This design is specific to the Tsast Altai School site to provide immediate relief of classroom overcrowding and to introduce a much-needed recreation/ hall space. However, the approach and building elements of the new school are conceived of as prototypical and replicable at other extreme climate sites across Mongolia. The prototypical elements are 1) the mud-brick rooms and 2) the timber lattice circulation space. These elements can be repeated in their proposed configuration or, better yet, can be re-arranged to be site-specific to context characteristics and local school needs. Each of the rooms are independent within the total building assembly, and therefore could be built in any plan configuration depending on the vision for the “third” space by school stakeholders. The new Tsast Altai school expansion is also intended as a demonstration project for the construction team, educators, and students to transfer the knowledge of its making.
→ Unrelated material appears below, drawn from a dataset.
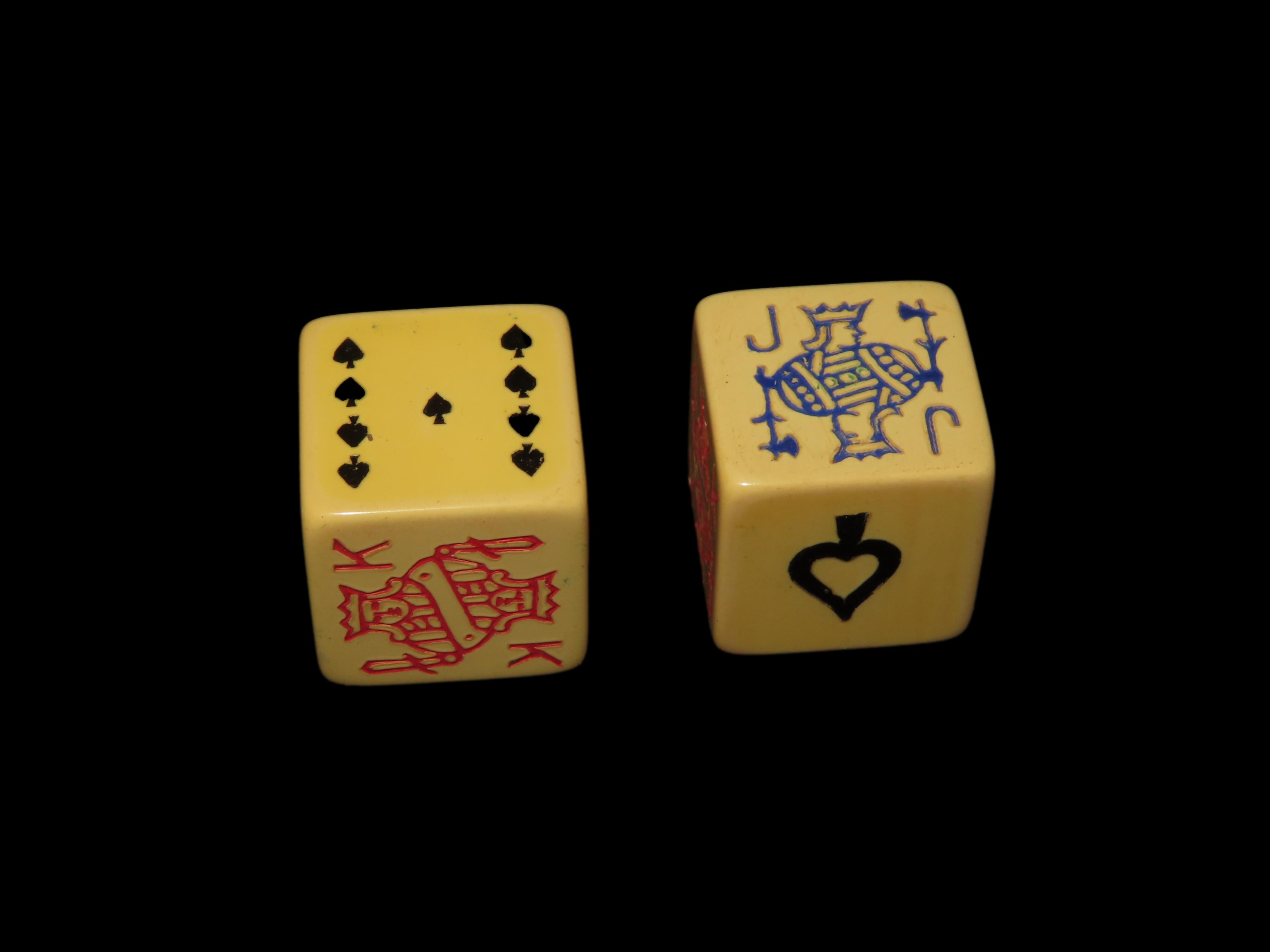 Vintage Pair of Dice, Die, Jack, King, Queen, Poker, Gambling

The first building is a model from which to learn, refine, and advance the ideas gained from its initial implementation.
该项目采用地方建造知识和当地材料,如砖混和木栅格结构,对传统蒙古包进行传承。
The project employs local construction knowledge, such as mud bricks and lattice structures, without literal nostalgia for the yurt.
建造和材料
该项目主要采用两种基本的材料——土壤和木材。每种材料采用简单但具有独特当地传统的建造方法。砖墙被用于教室、活动室和洗手间这些一般校园空间的建造。木栅格结构被用于覆盖连接各房间的流动空间。这两种材料结合起来设计形成教室入口的栅格墙,用来帮助学生放置一部分书籍文具之类的东西。
砖泥结构和木结构的结合可以应对多种气候条件。木栅格覆盖的流动空间可以根据不同季节进行半调控,泥砖房的温度始终保持在18°C和23℃之间。分离这些空间,并创建两个材料体系,能量并未浪费在一直用来加热流动空间,而是通过太阳能对空间进行被动加热,利用砖墙,地面产生的热量以及人的聚集散发的热量。这有助于节省操作和维护成本,对于在极端气候条件下降低建造成本非常重要。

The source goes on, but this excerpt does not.